Ms McDonald has never received a wage for looking after him, and they have been living off the supported living payment from Work and Income and his pension.
Mr Ray said the payout would help them, but it would not change what was wrong with the system.
"Rosemary won't get paid. She hasn't had the chance to save or have a Kiwisaver... anything like that. It's heart-breaking and soul-destroying cause you know other people are getting it (but) you aren't."
The government's Funded Family Care policy was introduced in 2013 after successful court cases taken by those who care for disabled family members.
It has been a costly exercise, with the series of cases costing the Crown at least $2.6 million.

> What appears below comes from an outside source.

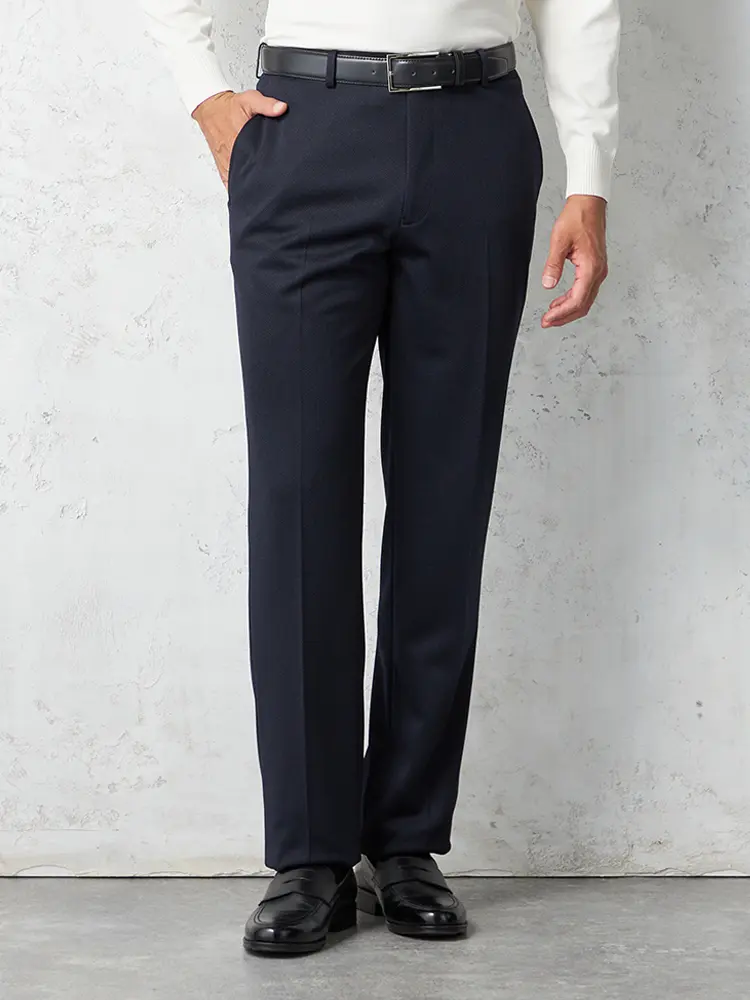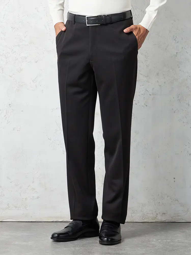 【ウォッシャブル】パンツ スラックス ノータック スリム 織柄無地 nero【スリムデザイン】

The Crown has lost all three cases.
Jane Carrigan is a disability advocate who was involved in one of those cases.
She said while the settlement was good news for the handful of families involved, there were still hundreds receiving nothing.
"Unfortunately it continues to leave approximately 1600 other families out there who also care for high and very high needs adult children in the home, to continue to be on the receiving end of unlawful conduct from the Ministry of Health in the application of the Funded Family Care policy."
Ms McDonald said the current system did not acknowledge the burden that unpaid work placed on a family.
"When you know that your disability and your need for support is keeping your most trusted carer out of the paid workforce and quite often is on a benefit, you do not have the dignity of paid work, which is important," she said.
"That can be a real burden for the disabled person."
Despite resolving this matter, the Crown still faces another court case next year, where it will have to defend its policy of requiring severely disabled people to employ their parents as caregivers.